◆ Problem: The line with "Myotome der Wirbelsäule" and each line following it, up to the final line of the data, should be set down exactly; pictures stay out.

◆ Data shown:
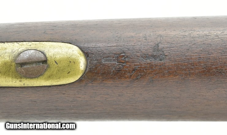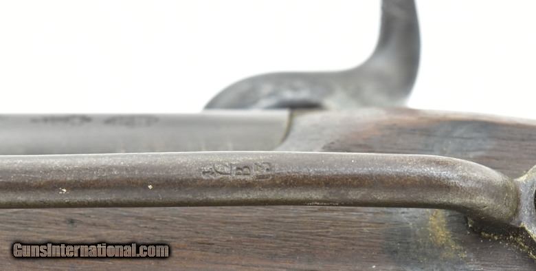 Description: British Pattern 1842 cavalry carbine. 20â…›” round smoothbore barrel with fine bore. Lock has crown “VR” over “Tower” dated “1847” with a crown broad arrow ordnance mark to the right. Metal is very good with smooth brown patina, areas of minor pitting on lock and hammer. Usual proof marks are on the barrel, which is approximately .65 caliber. Wood is very good with a small piece missing at the rear of the lock. Brass furniture Is nicely aged with butt plate tang having a “G/43” issue mark. Sling ring, bar and captured cleaning rod are present. Action functions properly. A scarce early percussion carbine in really nice condition. SOLD Antique: Yes |
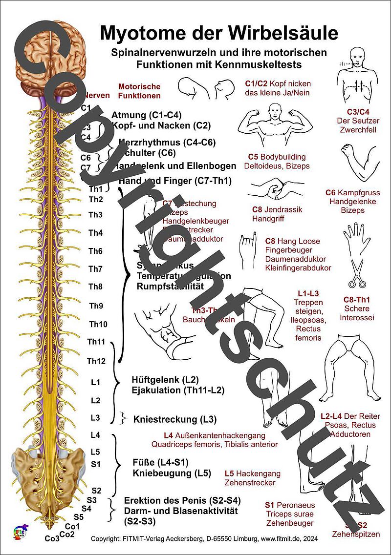 Myotome der Wirbelsäule - Spinalnervenwurzeln und ihre motorischen Funktionen mit Kennmuskeltests Lehrkarte. n der Anatomie versteht man unter einem Myotom die Muskulatur, die von einem Spinalnerven (Rückenmarksnerv) innerviert (versorgt) wird. Damit ist es di...
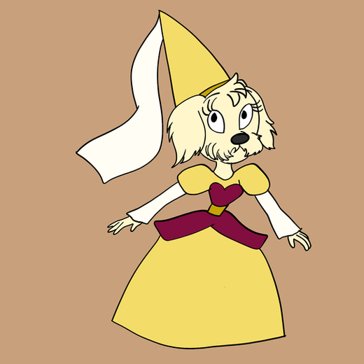 One of my oldest characters, from 2010, redesigned for "Those Toony Kids"A toon labradoodle who thinks she's an actual princess. Her rich parents bought her own princess tower for her room. She even has her friends act as servants sometimes and is one of Carol Carcal's only friends. She's a great party host and many toon girls wish to get invited to her parties. With the help of Carol, she invites every girl to her debutante ball except Deidra and her cousin Coco.

◆ Response to the task:
 Myotome der Wirbelsäule - Spinalnervenwurzeln und ihre motorischen Funktionen mit Kennmuskeltests Lehrkarte. n der Anatomie versteht man unter einem Myotom die Muskulatur, die von einem Spinalnerven (Rückenmarksnerv) innerviert (versorgt) wird. Damit ist es di...
 One of my oldest characters, from 2010, redesigned for "Those Toony Kids"A toon labradoodle who thinks she's an actual princess. Her rich parents bought her own princess tower for her room. She even has her friends act as servants sometimes and is one of Carol Carcal's only friends. She's a great party host and many toon girls wish to get invited to her parties. With the help of Carol, she invites every girl to her debutante ball except Deidra and her cousin Coco.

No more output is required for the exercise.